┌─ Entries supplied

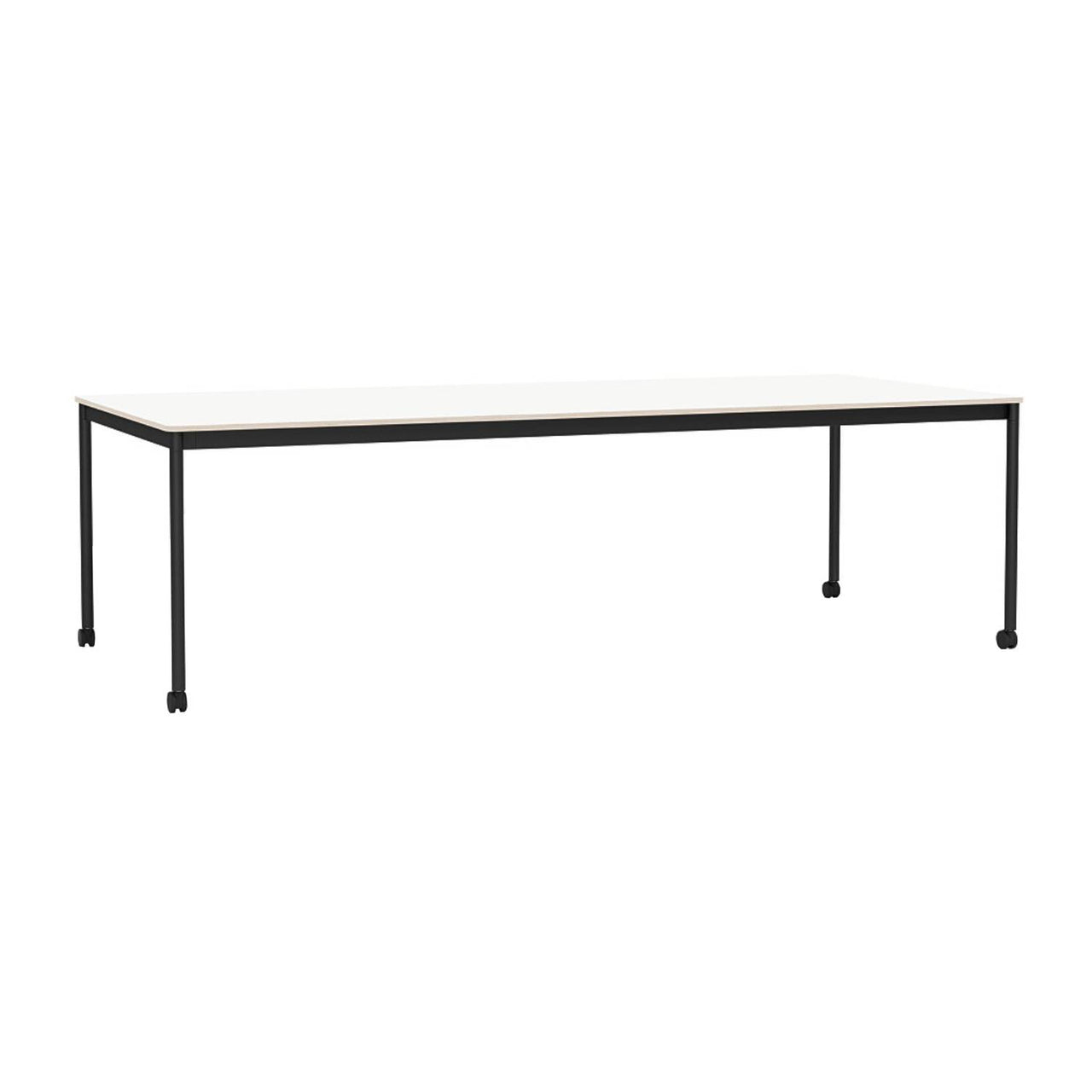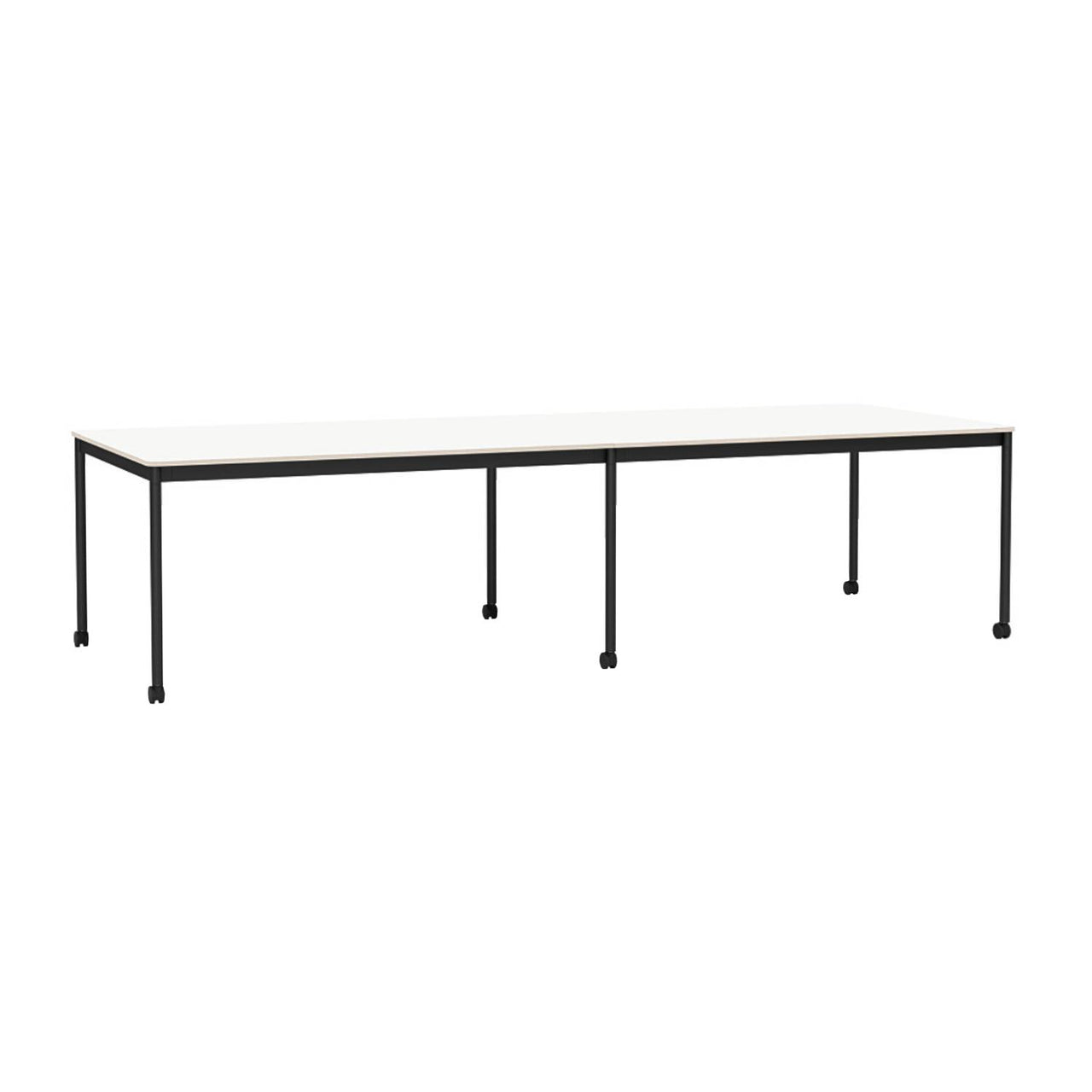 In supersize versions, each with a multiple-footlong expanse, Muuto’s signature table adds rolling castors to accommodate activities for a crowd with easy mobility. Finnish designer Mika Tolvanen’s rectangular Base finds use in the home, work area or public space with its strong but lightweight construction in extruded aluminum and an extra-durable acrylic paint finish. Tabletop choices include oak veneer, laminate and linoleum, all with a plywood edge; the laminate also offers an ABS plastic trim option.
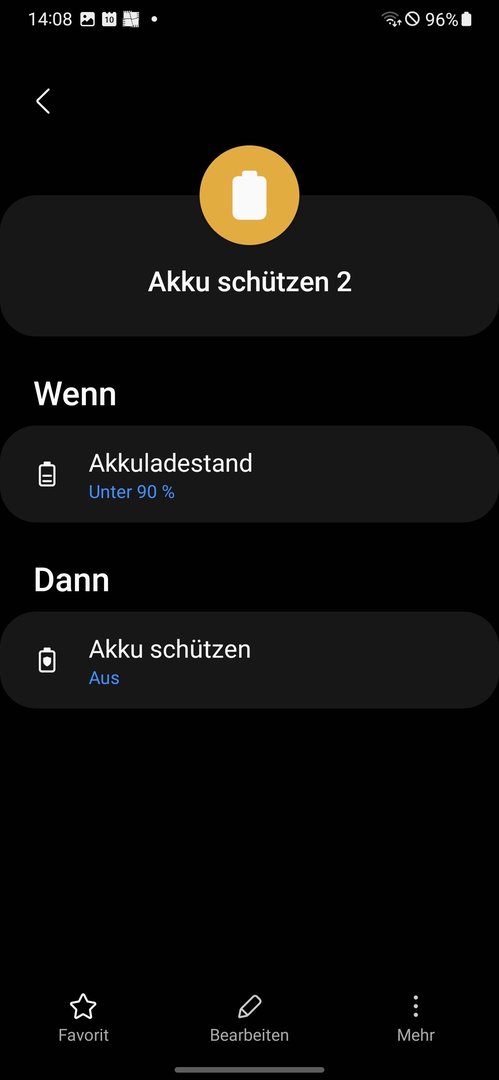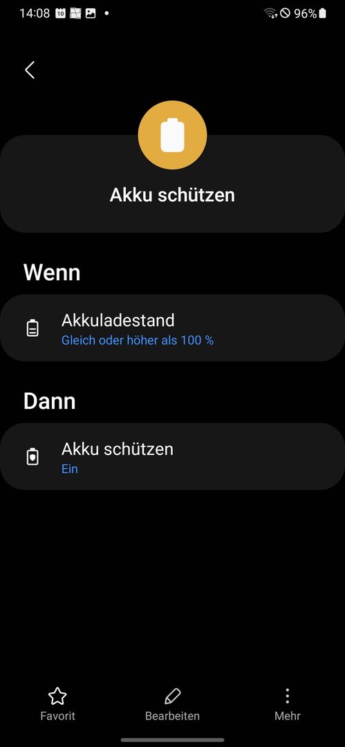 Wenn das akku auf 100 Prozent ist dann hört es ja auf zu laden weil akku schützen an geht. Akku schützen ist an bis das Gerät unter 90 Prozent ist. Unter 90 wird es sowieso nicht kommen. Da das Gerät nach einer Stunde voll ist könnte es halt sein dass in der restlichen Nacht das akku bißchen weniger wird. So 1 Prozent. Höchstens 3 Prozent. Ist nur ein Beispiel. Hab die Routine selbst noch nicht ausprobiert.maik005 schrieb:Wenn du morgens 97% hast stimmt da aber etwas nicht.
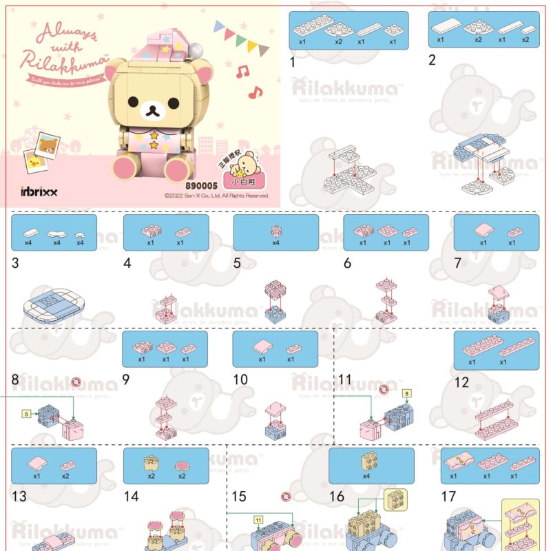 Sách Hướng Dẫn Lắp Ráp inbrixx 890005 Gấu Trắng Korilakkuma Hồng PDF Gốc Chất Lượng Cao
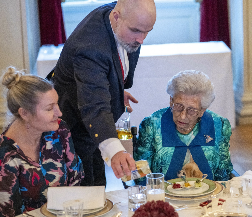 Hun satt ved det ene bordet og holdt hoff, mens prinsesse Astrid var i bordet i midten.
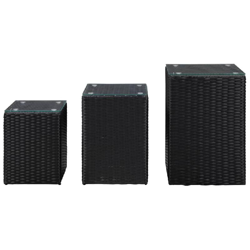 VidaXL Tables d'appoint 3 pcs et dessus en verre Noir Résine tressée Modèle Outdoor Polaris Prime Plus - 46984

└─
┌─ Entries supplied

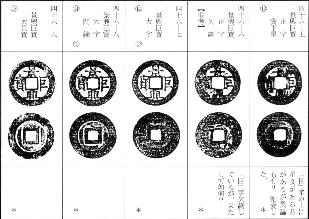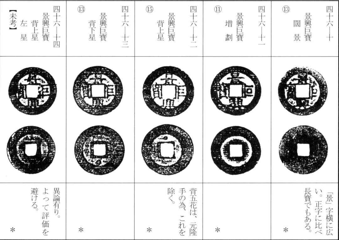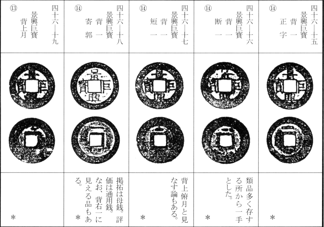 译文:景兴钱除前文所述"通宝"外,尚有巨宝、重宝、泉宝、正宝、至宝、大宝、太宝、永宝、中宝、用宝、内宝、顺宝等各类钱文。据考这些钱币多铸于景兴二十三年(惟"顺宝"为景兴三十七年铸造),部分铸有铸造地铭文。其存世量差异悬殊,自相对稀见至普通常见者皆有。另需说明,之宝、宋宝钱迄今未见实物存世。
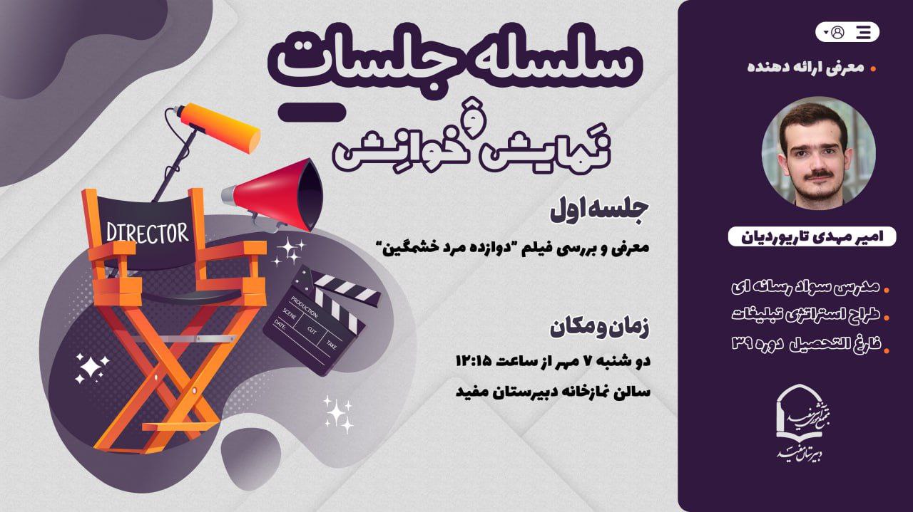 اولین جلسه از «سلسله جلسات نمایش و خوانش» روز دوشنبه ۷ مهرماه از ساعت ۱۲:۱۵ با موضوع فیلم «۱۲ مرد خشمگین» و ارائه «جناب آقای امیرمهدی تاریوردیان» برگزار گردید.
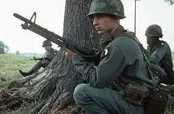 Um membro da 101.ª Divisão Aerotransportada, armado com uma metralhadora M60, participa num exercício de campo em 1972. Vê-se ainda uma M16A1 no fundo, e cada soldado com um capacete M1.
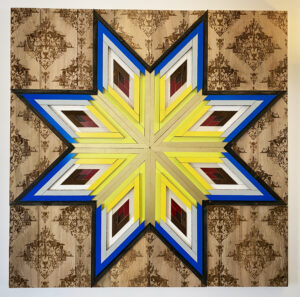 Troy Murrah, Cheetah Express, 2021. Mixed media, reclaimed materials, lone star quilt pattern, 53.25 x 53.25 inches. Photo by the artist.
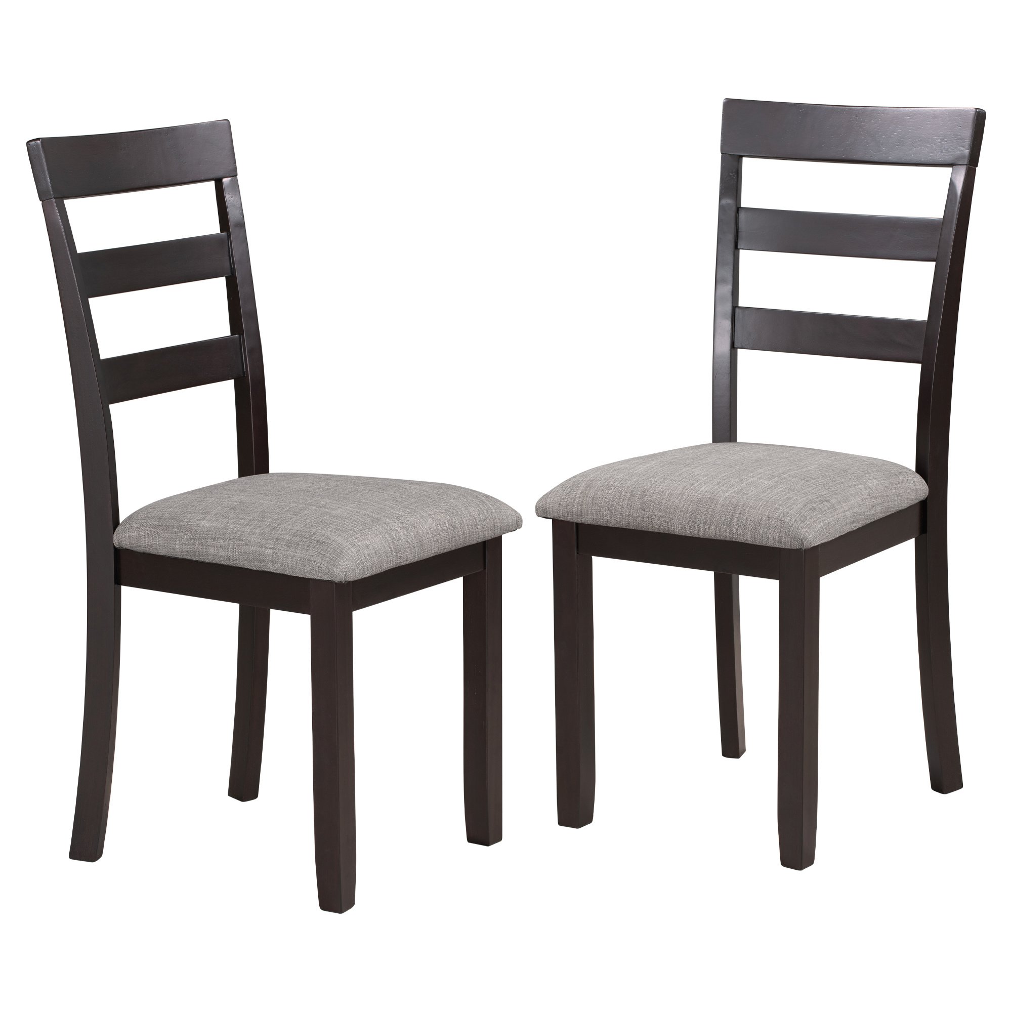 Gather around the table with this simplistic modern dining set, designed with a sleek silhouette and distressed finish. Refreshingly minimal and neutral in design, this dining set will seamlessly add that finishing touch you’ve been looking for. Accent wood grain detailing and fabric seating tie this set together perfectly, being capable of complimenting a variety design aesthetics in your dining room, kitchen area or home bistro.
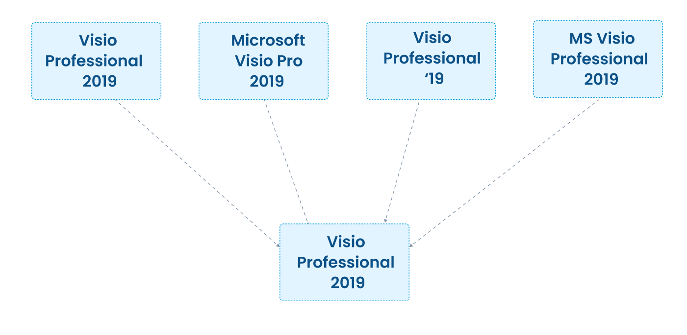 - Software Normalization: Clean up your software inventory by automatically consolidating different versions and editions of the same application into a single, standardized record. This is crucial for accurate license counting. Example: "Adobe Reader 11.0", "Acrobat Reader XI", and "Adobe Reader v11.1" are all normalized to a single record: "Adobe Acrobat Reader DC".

└─
┌─ Entries supplied

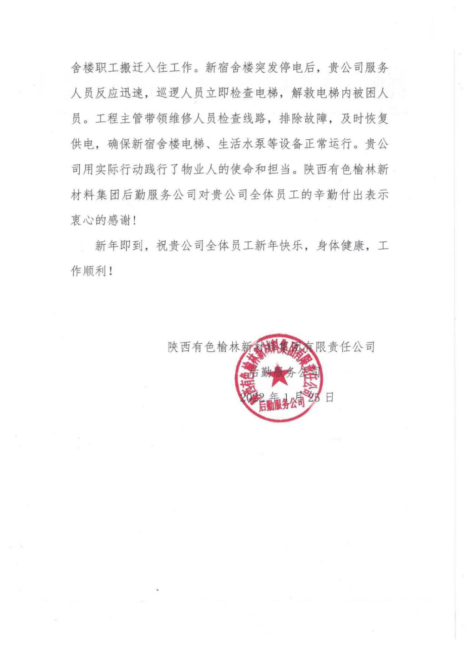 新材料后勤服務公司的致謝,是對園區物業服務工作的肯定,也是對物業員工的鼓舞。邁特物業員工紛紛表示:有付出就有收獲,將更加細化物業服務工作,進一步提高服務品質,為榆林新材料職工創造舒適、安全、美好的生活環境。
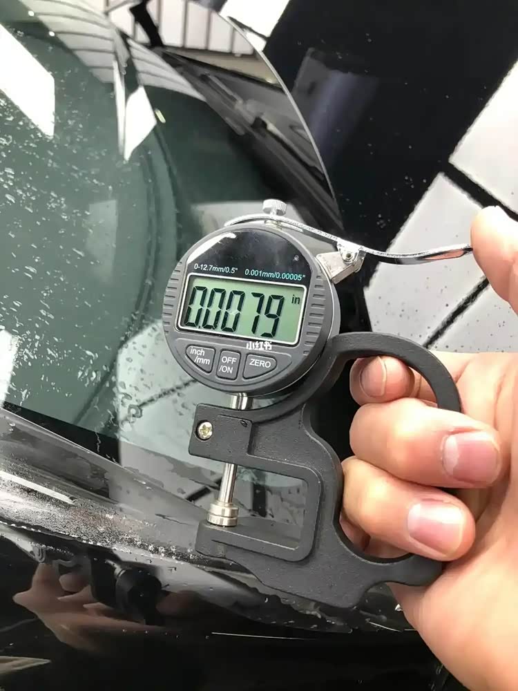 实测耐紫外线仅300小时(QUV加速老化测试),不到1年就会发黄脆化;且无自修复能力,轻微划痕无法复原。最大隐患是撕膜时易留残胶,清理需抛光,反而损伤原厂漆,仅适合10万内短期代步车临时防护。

└─

# Your goal
Would you please reproduce the entries above, starting at the line with "Troy Murrah, Cheetah" and stopping after the line with "- Software Normalization: Clean"? Omit any pictures.

# Expected answer
 Troy Murrah, Cheetah Express, 2021. Mixed media, reclaimed materials, lone star quilt pattern, 53.25 x 53.25 inches. Photo by the artist.
 Gather around the table with this simplistic modern dining set, designed with a sleek silhouette and distressed finish. Refreshingly minimal and neutral in design, this dining set will seamlessly add that finishing touch you’ve been looking for. Accent wood grain detailing and fabric seating tie this set together perfectly, being capable of complimenting a variety design aesthetics in your dining room, kitchen area or home bistro.
 - Software Normalization: Clean up your software inventory by automatically consolidating different versions and editions of the same application into a single, standardized record. This is crucial for accurate license counting. Example: "Adobe Reader 11.0", "Acrobat Reader XI", and "Adobe Reader v11.1" are all normalized to a single record: "Adobe Acrobat Reader DC".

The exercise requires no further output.